*Exercise instructions:*
Without the pictures, write out all the lines below exactly as they appear.

::: Dataset content

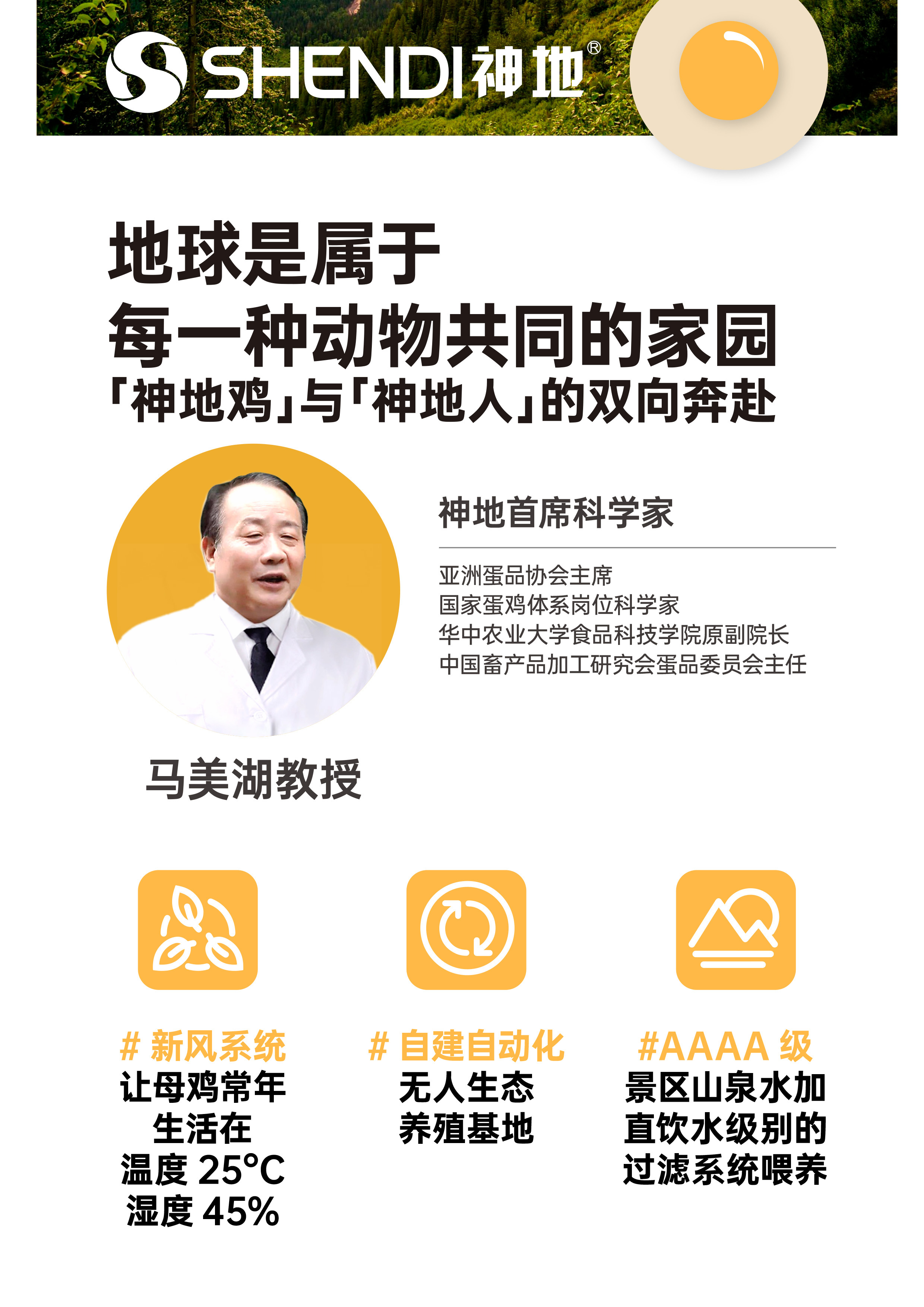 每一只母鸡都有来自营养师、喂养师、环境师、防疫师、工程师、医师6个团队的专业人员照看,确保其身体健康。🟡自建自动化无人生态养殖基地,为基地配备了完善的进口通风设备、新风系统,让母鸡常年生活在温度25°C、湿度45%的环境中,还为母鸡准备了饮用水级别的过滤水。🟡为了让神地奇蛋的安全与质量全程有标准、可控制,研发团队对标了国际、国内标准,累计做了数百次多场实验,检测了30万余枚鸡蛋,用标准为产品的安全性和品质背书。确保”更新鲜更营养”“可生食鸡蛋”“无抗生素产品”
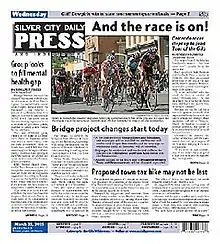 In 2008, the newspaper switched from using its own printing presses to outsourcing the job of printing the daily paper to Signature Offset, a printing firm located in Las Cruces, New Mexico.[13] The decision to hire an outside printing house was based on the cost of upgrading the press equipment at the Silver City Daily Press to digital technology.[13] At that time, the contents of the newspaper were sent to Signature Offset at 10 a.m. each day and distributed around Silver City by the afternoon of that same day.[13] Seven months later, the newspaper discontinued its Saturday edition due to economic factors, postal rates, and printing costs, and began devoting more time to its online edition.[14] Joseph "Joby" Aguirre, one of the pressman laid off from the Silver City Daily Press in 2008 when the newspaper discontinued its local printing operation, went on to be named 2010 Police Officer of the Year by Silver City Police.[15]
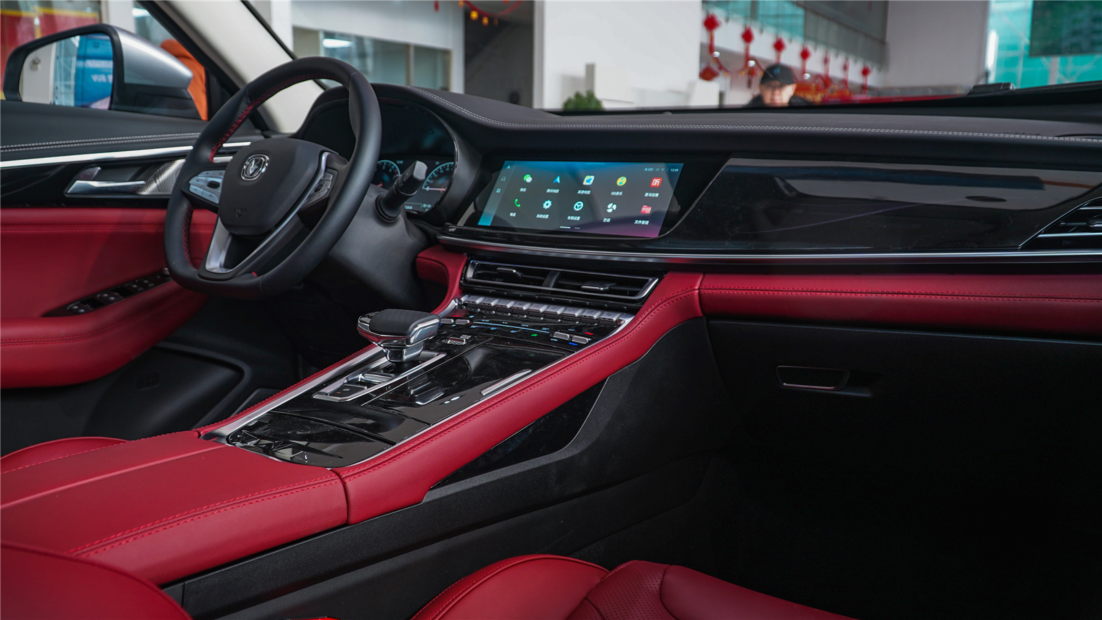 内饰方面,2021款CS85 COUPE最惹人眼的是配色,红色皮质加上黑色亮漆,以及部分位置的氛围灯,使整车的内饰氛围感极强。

::::::

*Task output:*
 每一只母鸡都有来自营养师、喂养师、环境师、防疫师、工程师、医师6个团队的专业人员照看,确保其身体健康。🟡自建自动化无人生态养殖基地,为基地配备了完善的进口通风设备、新风系统,让母鸡常年生活在温度25°C、湿度45%的环境中,还为母鸡准备了饮用水级别的过滤水。🟡为了让神地奇蛋的安全与质量全程有标准、可控制,研发团队对标了国际、国内标准,累计做了数百次多场实验,检测了30万余枚鸡蛋,用标准为产品的安全性和品质背书。确保”更新鲜更营养”“可生食鸡蛋”“无抗生素产品”
 In 2008, the newspaper switched from using its own printing presses to outsourcing the job of printing the daily paper to Signature Offset, a printing firm located in Las Cruces, New Mexico.[13] The decision to hire an outside printing house was based on the cost of upgrading the press equipment at the Silver City Daily Press to digital technology.[13] At that time, the contents of the newspaper were sent to Signature Offset at 10 a.m. each day and distributed around Silver City by the afternoon of that same day.[13] Seven months later, the newspaper discontinued its Saturday edition due to economic factors, postal rates, and printing costs, and began devoting more time to its online edition.[14] Joseph "Joby" Aguirre, one of the pressman laid off from the Silver City Daily Press in 2008 when the newspaper discontinued its local printing operation, went on to be named 2010 Police Officer of the Year by Silver City Police.[15]
 内饰方面,2021款CS85 COUPE最惹人眼的是配色,红色皮质加上黑色亮漆,以及部分位置的氛围灯,使整车的内饰氛围感极强。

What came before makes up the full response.